Task: Return, with both end lines included, exactly what the data below holds from the line with "A major tourist" through the line with "Comhats UPF50+ - Cappello", though not the pictures.

[Data — start]

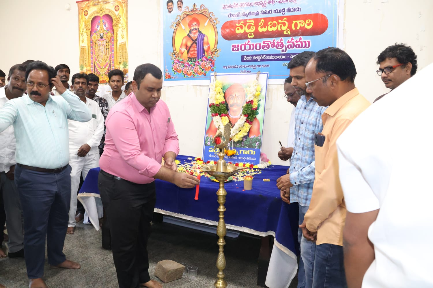 మెదక్ సమీకృత కలెక్టర్ కార్యాలయంలో వొడ్డె వొబన్న చిత్రపటానికి పూలమాలలు వేసి నివాళులు అర్పించిన రాహుల్ రాజ్ వారు మాట్లాడుతూ పీడిత ప్రజలు ఆరాధ్య దైవం ప్రజల సంక్షేమం కోసం తన జీవితాన్ని అంకితం చేసిన మహానుభావుడు వొడ్డె వొబన్న అని జిల్లా కలెక్టర్ రాహుల్ రాజ్ కొనియాడారు.
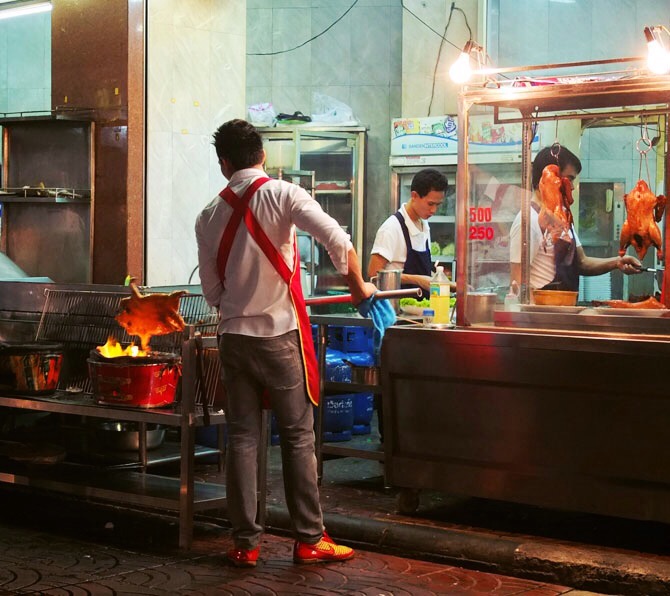Sitting on the street, eating great food in the heat of Bangkok, one of life’s great experiences
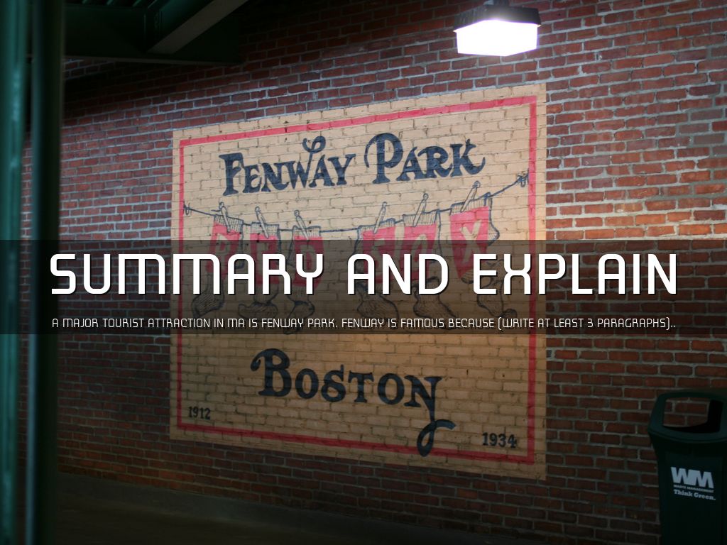 A major tourist attraction in MA is Fenway Park. Fenway is famous because (write at least 3 paragraphs)..
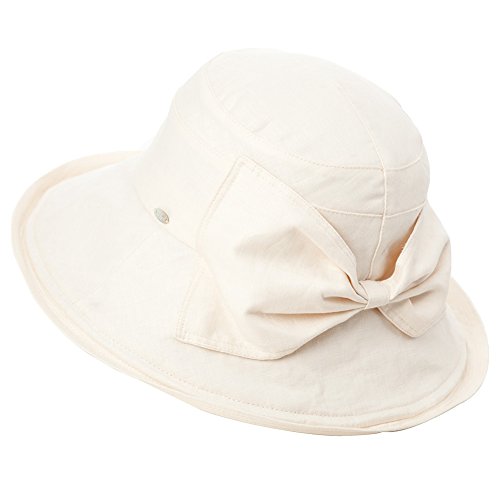 Comhats UPF50+ - Cappello estivo da donna, 100% lino, pieghevole, pieghevole, con fascia larga, colore: beige
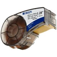 Self-Laminating labels for the BMP21* Mobile Printer^ 1.25W x 14ft. Black ribbon on white/translucent tape. Matte Vinyl. Self-Laminating. Abrasion and smudge resistant. Water and oil resistant. Self-Extinguishing.
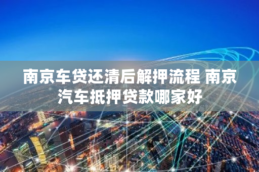 南京车贷还清后解押流程 南京汽车抵押贷款哪家好
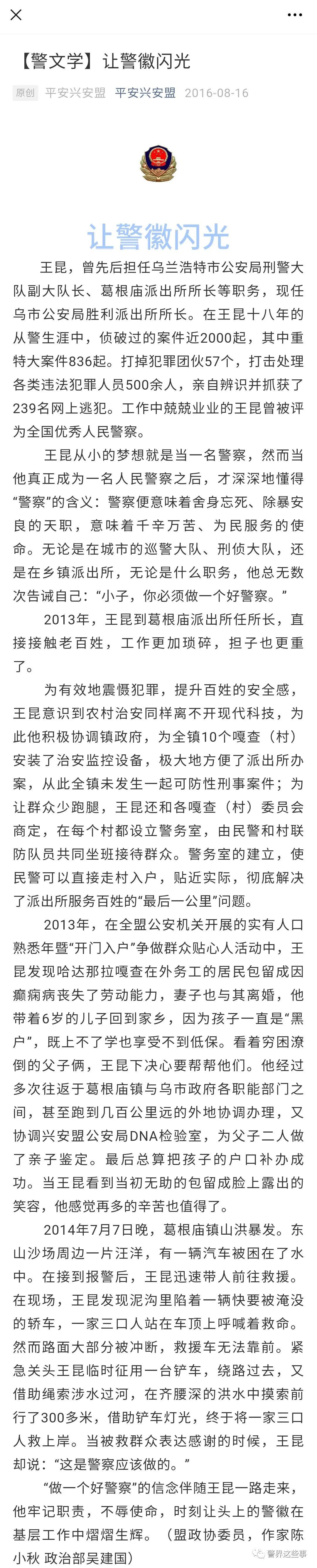 据媒体此前报道,王昆从小的梦想就是当一名警察,当他真正成为一名人民警察之后,无数次告诫自己:“小子,你必须做一个好警察。”
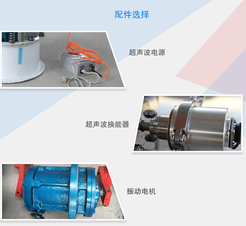 超聲波振動(dòng)篩主要配件有:超聲波電源、超聲波換能器、振動(dòng)電機(jī)。選擇不同質(zhì)量或種類的配件對(duì)于超聲波振動(dòng)篩使用效果都有著十分重要的作用。舉例來說,大漢超聲波振動(dòng)篩的電機(jī)可以選擇普通或者是防爆性能的電機(jī),防爆電機(jī)一般用于粉塵量大的場(chǎng)合,可以避免發(fā)生粉塵爆炸,其價(jià)格會(huì)比普通電機(jī)貴,一般篩分環(huán)境選擇旋振普通電機(jī)即可。
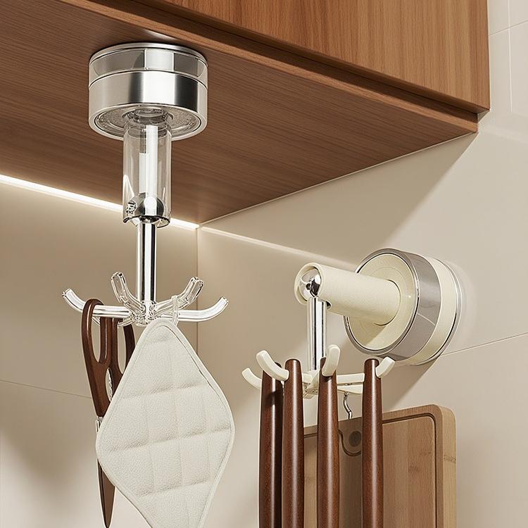 Suction Cup Kitchen Six-prong Hook Seamless No-drilling Rotating Wall-mounted Storage Rack for Pots, Spoons and Kitchenware
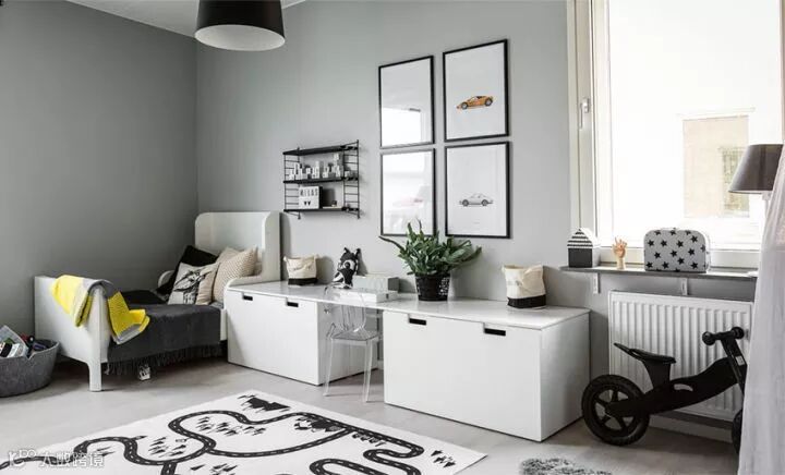 这种设计的初衷是让你在里面住30年也会不腻,利用了大面积灰色和白色,从封面到地板,甚至家具都采用了此色系,视觉感非常统一,有质感。挑选了一些亮色做为点缀,比如小的皮坐椅,增加了整个空间的温度,儿童房的设计也非常到位,简洁清爽,容易塑造和培养孩子干净整洁的习惯。

[Data — finish]

Exercise answer:
 A major tourist attraction in MA is Fenway Park. Fenway is famous because (write at least 3 paragraphs)..
 Comhats UPF50+ - Cappello estivo da donna, 100% lino, pieghevole, pieghevole, con fascia larga, colore: beige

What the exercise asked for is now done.